CARLOS BLANCO, UN AMOR QUE SE VA..., TIEMPO DE PALABRA

Lo peor que le puede ocurrir a quienes están en el poder es no comprender su naturaleza. Nicolás y sus anexos no lo comprenden. Acá se ha sostenido que Chávez llegó a Miraflores en hombros de muchos ricos venezolanos, no de los pobres. Aprovechó con su inigual talento las debilidades coyunturales y estructurales de las élites venezolanas que al ver desgastados a AD, a Copei, a Carlos Andrés Pérez y a Rafael Caldera, y a eventuales relevos como el MAS y La Causa R, tomaron el camino de construir, apoyar, amamantar, acurrucar, a quien se les asomó en el radar. 

No entendieron la naturaleza de Chávez y por casi una década, desde 1992 cuando emergió del cuartel, lo alimentaron, pasearon, consintieron, hasta que ese primer "flaco" de la contemporaneidad engordó y tuvo colmillos suficientes para merendarse a la mayoría de sus adinerados autores.

¿Comprendió Chávez la naturaleza del poder? Asunto difícil de definir, pero cuando murió estaba en la cúspide de una victoria que, según los entendidos, es el mejor momento de abandonar el mundo de los vivos para convertirse en eterno, al menos, por ahora.

Chávez tuvo destrezas indudables. No dio cuartel a sus enemigos y solo recurrió al diálogo cuando estaba contra las cuerdas.
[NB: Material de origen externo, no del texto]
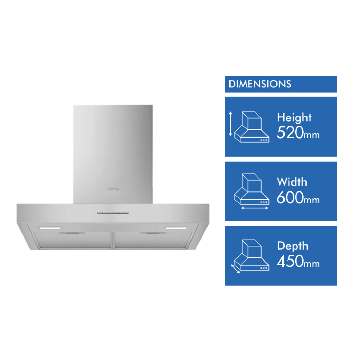 Bring sleek modern style to your kitchen with the Smeg 60cm Wallmount T-Shape Rangehood. This stainless steel canopy rangehood makes a striking design statement while efficiently removing steam grease and odours. With a powerful 230W motor and three fan speeds plus intensive mode this rangehood offers extraction capacities up to 686 cubic metres per hour for fresh indoor air. The intuitive push button controls allow you to adjust the fan speed with ease. And the two aluminium grease filters trap grease particles to keep your kitchen clean. At just 520mm high x 600mm wide this compact yet powerful rangehood mounts conveniently to the wall. Ducting is required to vent outdoors or the rangehood can recirculate air through an optional charcoal filter for filtration. With a noise rating of 49 to 72 decibels operation is quiet. Backed by a 2 year manufacturer's warranty the Smeg 60cm Wallmount T-Shape Rangehood combines performance with timeless style. The manufacturer's part number for this product is KBTAU600XE. Bring clean fresh air to your cooking space with this stylish and effective rangehood.

En la mayor parte de las situaciones su contrincante, la oposición democrática, en vez de avanzar como él hacía cuando tenía ventaja, se sentaba en la mesa que el Comandante gustaba servir a su antojo, con sus pociones y elíxires somníferos. Chávez abandonó en 2002 los requiebros con la mayor parte de las élites que le permitieron llegar a Miraflores y se envolvió en el discurso sobre, hacia, y desde la pobrecía urbana. Nada de clase obrera, ni de trabajadores organizados; se volcó hacia la informalidad social, lo que antes se denominaba la "marginalidad", pero sobre todo con un subsector peculiar con el que llegó a una zona de complacencia, que fue el malandraje citadino, cuyo lenguaje Chávez tenía -o adoptó- con toda la procacidad de los guapos de esquina.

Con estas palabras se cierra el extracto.